:: RECORD EXCERPTS

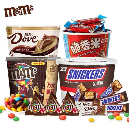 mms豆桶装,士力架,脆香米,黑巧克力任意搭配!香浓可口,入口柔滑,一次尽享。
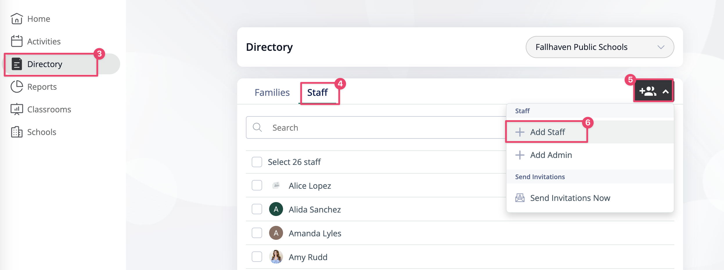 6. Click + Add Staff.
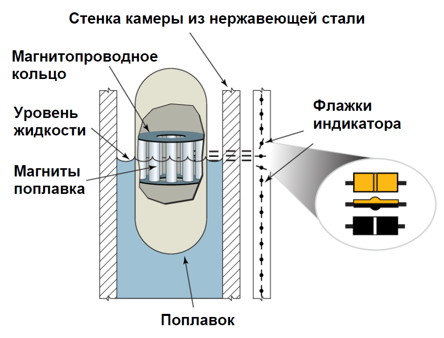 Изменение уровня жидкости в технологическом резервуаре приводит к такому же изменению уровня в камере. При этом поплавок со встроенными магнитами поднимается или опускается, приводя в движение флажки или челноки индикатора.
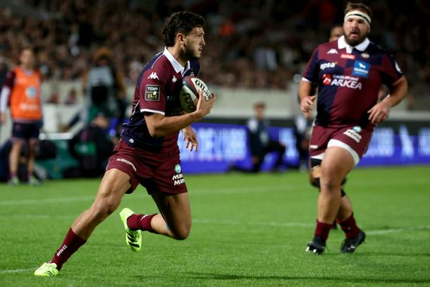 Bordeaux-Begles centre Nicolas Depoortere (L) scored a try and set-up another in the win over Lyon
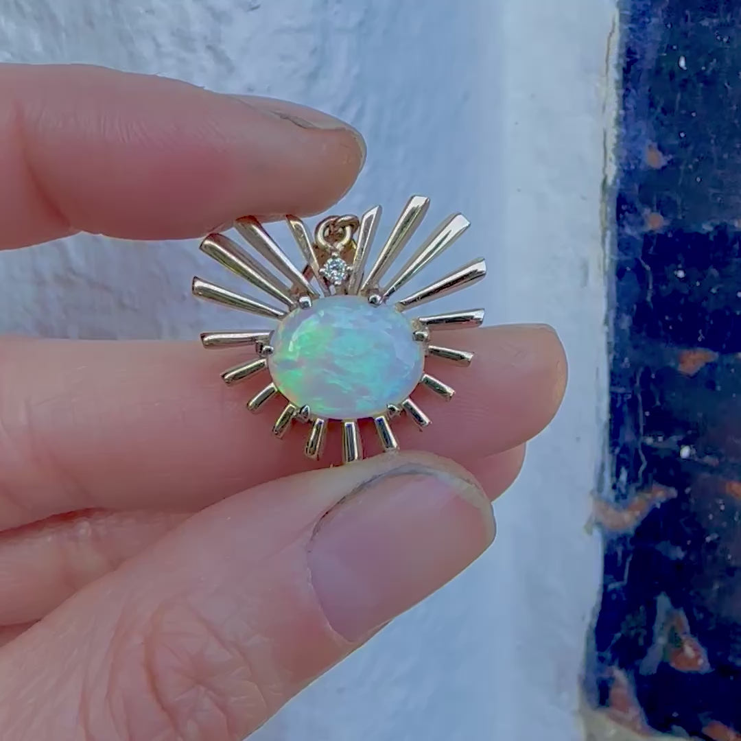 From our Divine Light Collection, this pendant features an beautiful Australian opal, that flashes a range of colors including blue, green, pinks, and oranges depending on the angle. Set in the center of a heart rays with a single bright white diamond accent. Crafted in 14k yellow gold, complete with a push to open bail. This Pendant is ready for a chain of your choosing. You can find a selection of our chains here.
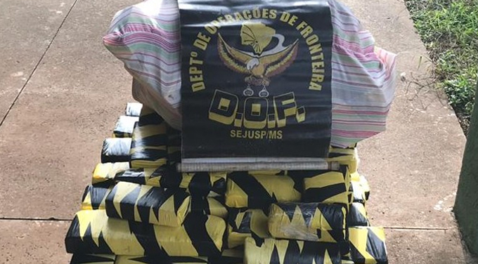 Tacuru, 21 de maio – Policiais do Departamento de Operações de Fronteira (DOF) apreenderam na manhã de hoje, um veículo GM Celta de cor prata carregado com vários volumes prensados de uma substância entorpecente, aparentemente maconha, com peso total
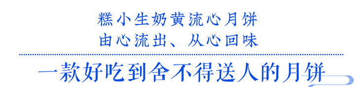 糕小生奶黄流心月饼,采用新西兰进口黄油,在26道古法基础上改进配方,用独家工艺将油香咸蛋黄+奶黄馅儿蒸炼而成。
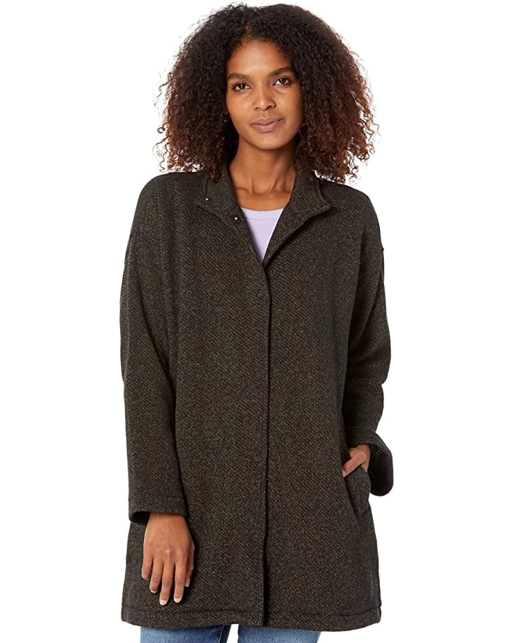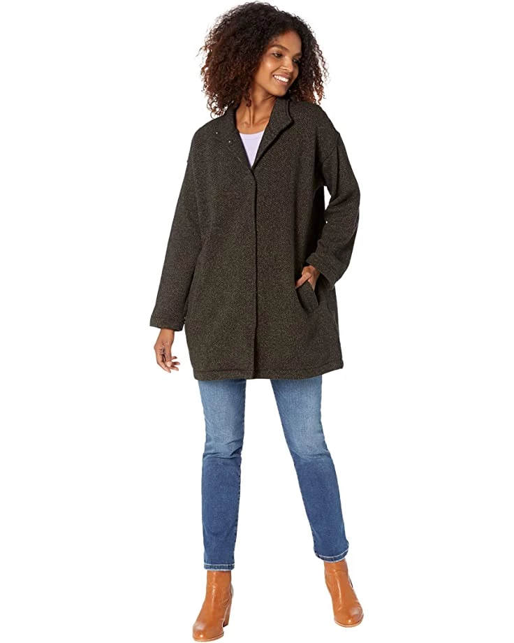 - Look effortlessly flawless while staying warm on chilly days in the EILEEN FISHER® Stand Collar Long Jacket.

::::
:: RECORD EXCERPTS

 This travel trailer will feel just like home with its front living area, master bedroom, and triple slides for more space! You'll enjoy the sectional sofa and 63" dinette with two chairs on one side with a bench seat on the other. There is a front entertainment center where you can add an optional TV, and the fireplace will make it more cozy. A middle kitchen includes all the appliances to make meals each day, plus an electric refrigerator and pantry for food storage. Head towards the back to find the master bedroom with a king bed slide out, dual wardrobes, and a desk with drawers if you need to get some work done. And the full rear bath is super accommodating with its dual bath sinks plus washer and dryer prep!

::::
:: RECORD EXCERPTS

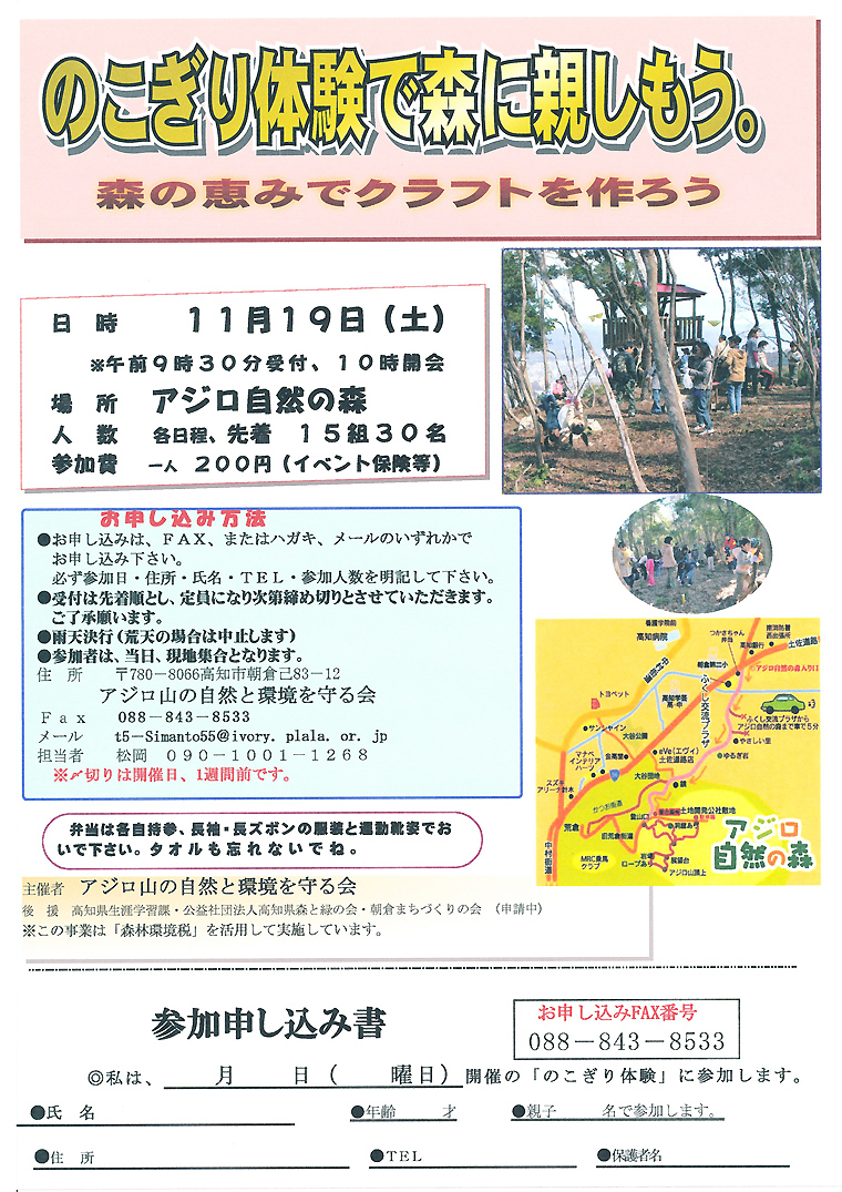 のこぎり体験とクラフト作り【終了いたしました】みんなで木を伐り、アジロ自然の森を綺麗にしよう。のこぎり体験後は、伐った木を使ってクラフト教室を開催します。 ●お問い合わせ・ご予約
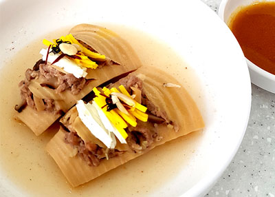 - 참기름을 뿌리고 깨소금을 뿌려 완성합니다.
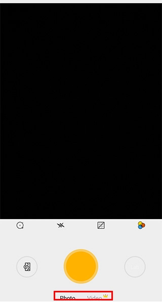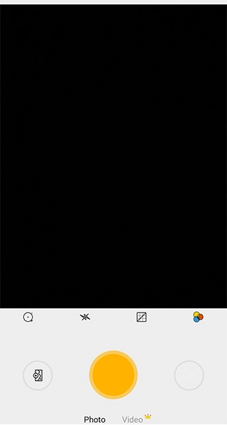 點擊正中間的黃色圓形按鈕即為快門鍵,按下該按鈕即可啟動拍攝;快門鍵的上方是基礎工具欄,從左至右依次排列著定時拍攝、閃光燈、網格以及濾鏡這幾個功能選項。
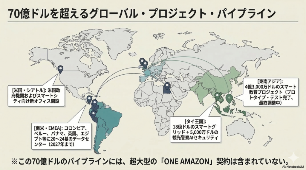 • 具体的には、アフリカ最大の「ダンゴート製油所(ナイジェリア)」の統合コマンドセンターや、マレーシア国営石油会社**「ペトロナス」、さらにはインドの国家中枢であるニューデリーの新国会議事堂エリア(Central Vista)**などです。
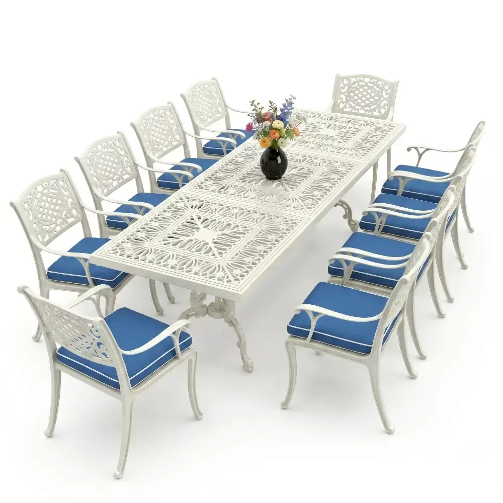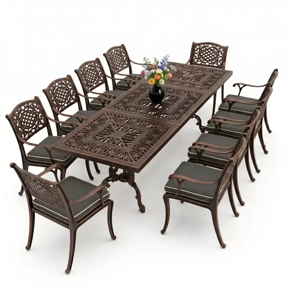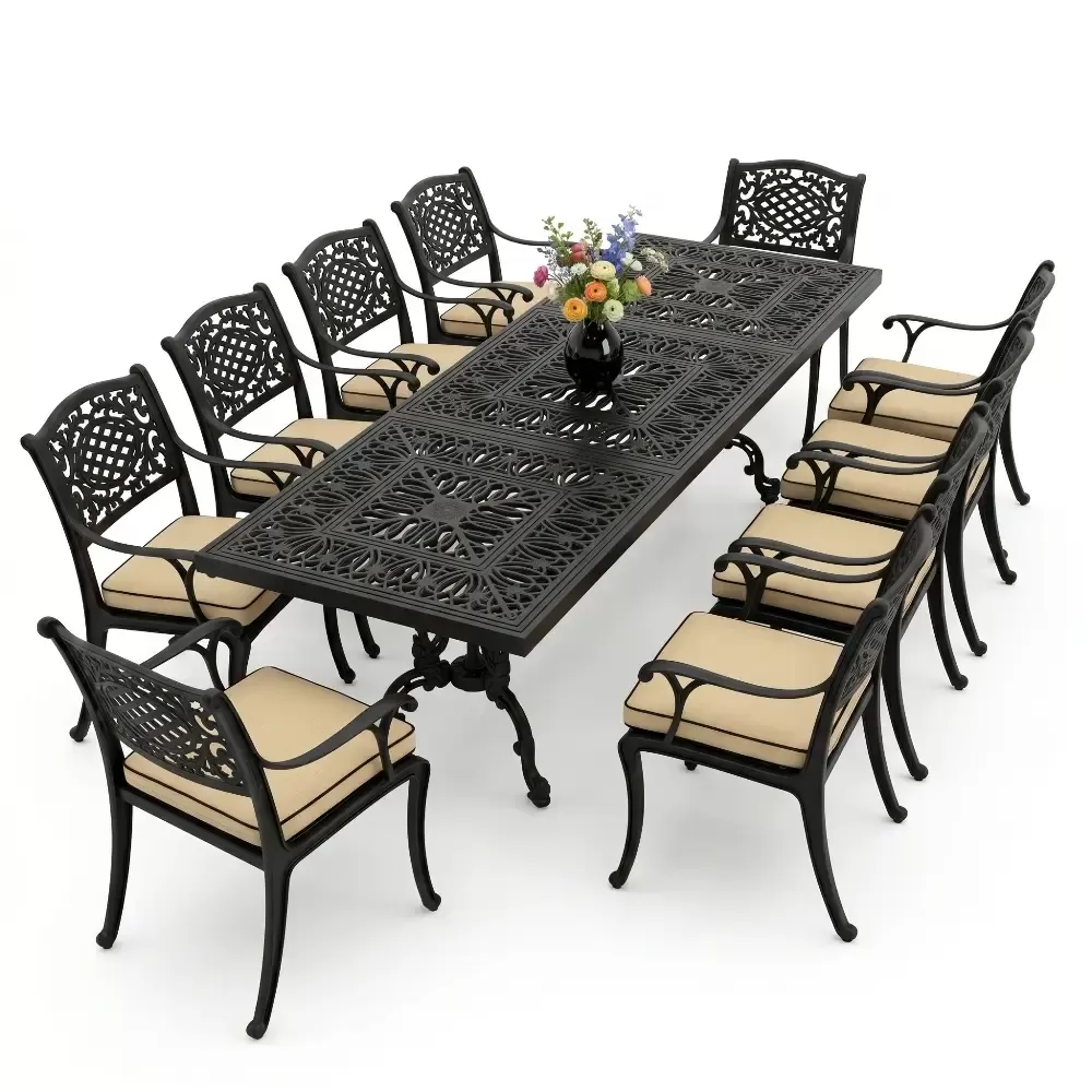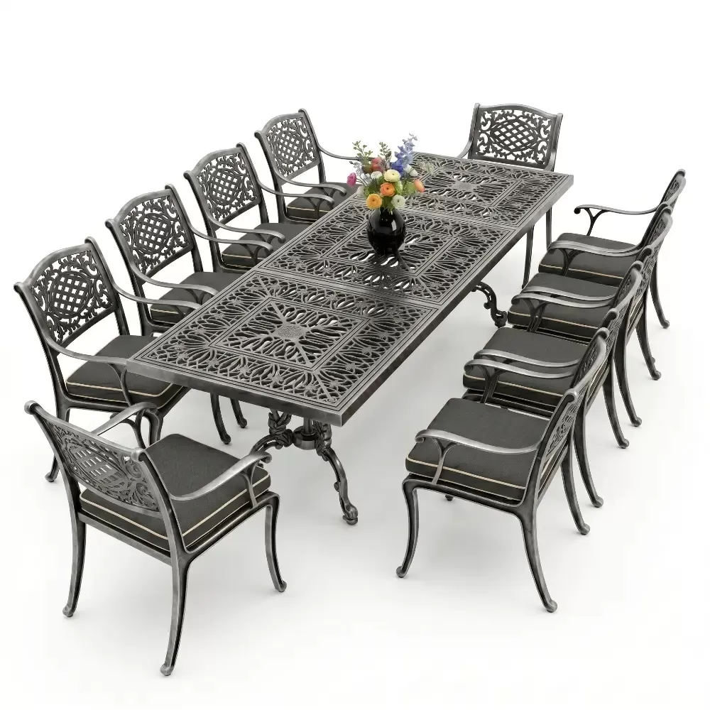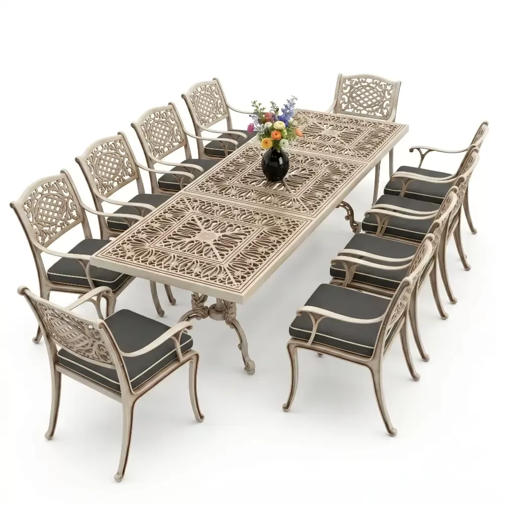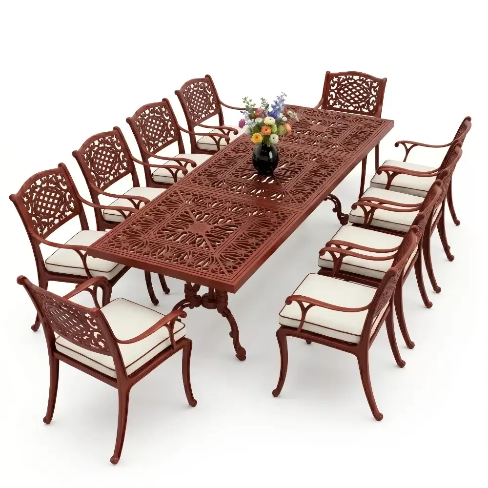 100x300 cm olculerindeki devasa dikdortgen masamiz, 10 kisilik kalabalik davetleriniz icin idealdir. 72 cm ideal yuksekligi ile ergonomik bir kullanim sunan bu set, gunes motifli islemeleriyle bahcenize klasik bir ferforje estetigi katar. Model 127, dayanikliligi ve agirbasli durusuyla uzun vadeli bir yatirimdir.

::::

WHAT THE EXERCISE ASKS — In the entries above, find the line with "6. Click + Add Staff." and the line with "Bordeaux-Begles centre Nicolas". Write out exactly those two lines and every line between them, pictures excluded.

SOLUTION FOR THIS EXERCISE —
 6. Click + Add Staff.
 Изменение уровня жидкости в технологическом резервуаре приводит к такому же изменению уровня в камере. При этом поплавок со встроенными магнитами поднимается или опускается, приводя в движение флажки или челноки индикатора.
 Bordeaux-Begles centre Nicolas Depoortere (L) scored a try and set-up another in the win over Lyon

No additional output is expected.